# HP Pavilion webcam missing from devices



## truthinevidence (Jun 29, 2008)

The webcam worked for a few months on my dv6000 series with no problems. I didn't use it for a few months afterward, but when I tried to use it again in QuickPlay and MSN messenger, it could not be found.

I checked the Device Manager. The 'Imaging Devices' category, where the webcam was listed before, was no longer there. I tried several angles to find a solution:


Scanned for hardware changes in Device Manager.
Tried to find HP Webcam by adding 'Legacy Hardware' (Xerox Scanner was the only item that appeared under 'Imaging Devices').
Installed all the appropriate driver updates.
Tried recovering the driver through Recovery Manager, but the webcam driver was not listed.
Tried restoring system to before webcam had disappeared, but earliest restore point available was not early enough!
Reset/installed updated BIOS.
...And finally, performed a full System Recovery.

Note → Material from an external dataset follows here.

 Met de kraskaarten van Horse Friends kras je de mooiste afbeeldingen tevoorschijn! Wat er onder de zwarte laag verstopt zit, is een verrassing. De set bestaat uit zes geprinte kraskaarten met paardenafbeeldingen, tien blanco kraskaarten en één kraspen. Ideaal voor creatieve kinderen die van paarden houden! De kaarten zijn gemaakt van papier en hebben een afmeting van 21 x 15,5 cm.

During this process, I consulted with four different technicians at HP. Despite all that, _none_ of these steps solved the problem.

HP finally suggested I send it to them for repair. But first, _I wanted to see if anyone else has found a solution to this ****-up by HP._

I wish I had spent the extra thousand dollars to get a Mac!

-truth


----------



## TriggerFinger (Jan 30, 2008)

Seems to me you have covered most if not all of the software side of things. Have you ever considered that the webcam may have died on you? If installing the drivers do not bring it back in Device Manager (at least) then may be your webcam needs replacement.


----------



## truthinevidence (Jun 29, 2008)

It seems like that's probably the most likely cause. Sending the laptop to HP, then, is the only option left. I'm glad I took the time to deal with the issue now, a month before the warranty expires.

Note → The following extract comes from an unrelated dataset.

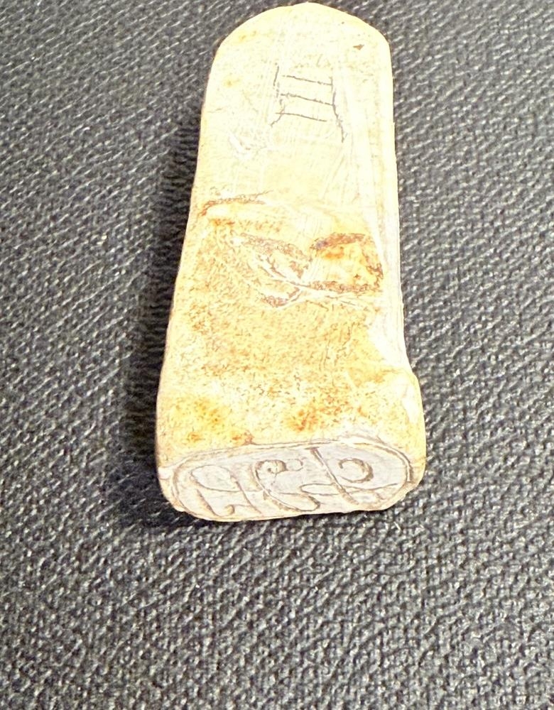 Signet Helga Þorsteinssonar frá Skammadal úr alabaststeini, verk afa Helga, Jóns Þórðarsonar í Skammadal.

I appreciate your response.


----------



## sksnyder (Sep 28, 2008)

Hey Truth~
I have the same computer that did the exact same thing yours did. I performed all the troubleshooting tricks yo did prior to reading your post.

Still "no-go". I want to know how you made out. Have you had success with it in the past several weeks. Or have you sent hte machine in to HP?

Steve


----------



## truthinevidence (Jun 29, 2008)

Hello Steve,

It took several chat sessions with HP technicians, each of whom were so sure they could get my webcam working, before they were convinced that it really had stopped working as I had been saying.

So the last technician I chatted with verified my warranty info, and we went through the motions of sending the notebook in. I received it back about 7 or 8 days later. The webcam is working and I've had no problems since then.

TIP: A couple of the small rubber guards at the top of my screen, as well as underneath the notebook, had fallen off sometime before I sent it in to HP. So I included that on my repair request, and they did replace them. So if you do end up sending yours in also, I recommend you list ANY other problems/issues, and have them fixed all at once.

Feel free to ask any more questions. Good luck!

truth


----------



## tommedic (Aug 3, 2009)

I have the same problem but my warranty just expired. Seems like a common problem.


----------